Dönemi anımsatmalıyım; 12 Eylül darbesi ve ülkeye yeni sokulan neoliberalizm ideolojisinin “Ilımlı İslam” aracılığıyla topluma hâkim kılınmak istendiği devirdi…
Aralarında Tarık Buğra’nın da bulunduğu muhafazakârların kurduğu Aydınlar Ocağı teşkilatının “Türk İslam Sentezi” düşüncesi, 12 Eylül darbesinin dine bakış söylemine uygundu.
Askeri cunta, Tarık Buğra eserinin, Kurtuluş Savaşı mücadelesine toprak ağaları, eşraf ve din adamları ittifakının oluşturduğu “İslam birliği” anlayışıyla bakmasının TRT dizisi olmasında sakınca görmedi.
“Zat-ı Şahane’nin halife efendi’ni izinden gittiğinin” sürekli altını çizen, eserin baş karakteri din adamı Küçük Ağa, Kuvayı Milliye’ye tereddütle bakan biriydi.
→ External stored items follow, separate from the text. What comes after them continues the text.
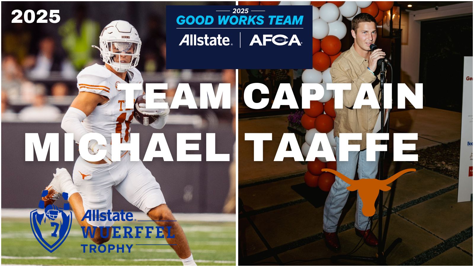 University of Texas senior defensive back Michael Taaffe wins the 2025 Allstate Wuerffel Trophy for leadership in community service
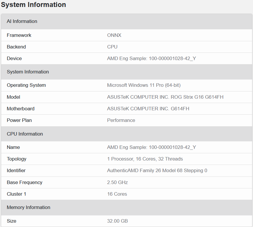 Geekbench测试显示,这款据称基于Zen 5的Fire Range CPU拥有16核32线程,基础频率为2.5 GHz。若AMD未改变命名方案,该SKU或命名为Ryzen 9 9955HX,但这也仅是猜测。代号为“G614FH”的Asus ROG Strix G16配备了这款未发布的Fire Range CPU及32GB DDR5内存,对于游戏和生产力任务而言应已足够。我们期待看到这款处理器与英特尔Arrow Lake-HX芯片的竞争表现。
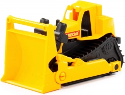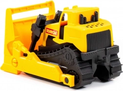 A munkakanál emelhető, süllyeszthető és állítható dőlésszögű, így a gyerekek könnyedén rakodhatnak és mozgathatnak homokot vagy apró játékokat. A négy kerék gondoskodik a gördülékeny haladásról, amelyeket okosan a lánctalpak imitációja mögé rejtettek, élethű megjelenést kölcsönözve a bulldózernek.
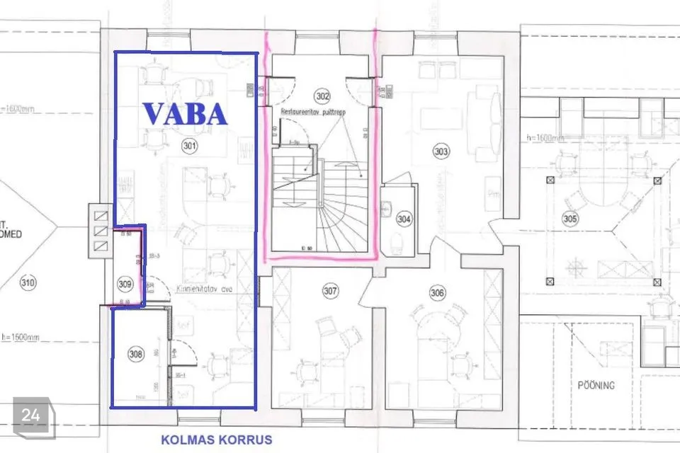Võimalus kogu korrus muuta omale sobivaks, kasutada ruume enda tegevuseks. Omanik on nõus ümberehitust teostama vastavalt kliendi vajadusele.

Öyle ki mecliste Mustafa Kemal’e muhalif İkinci Grubu ile diyalog halindeydi. Zaferden sonraki dönem konusunda kuşkuluydu. Vs.
Buğra’nın ideolojik psikolojik harbi bununla sınırlı değil.
★★★
Tarık Buğra’nın Soğuk Savaş’a uygun anti komünist “Gençliğim Eyvah” romanı üzerinde durmak lazım. (Ki “Yağmur Beklerken” ve “Dünyanın En Pis Sokağı” romanlarının siyasi tavrı da benzerdir.)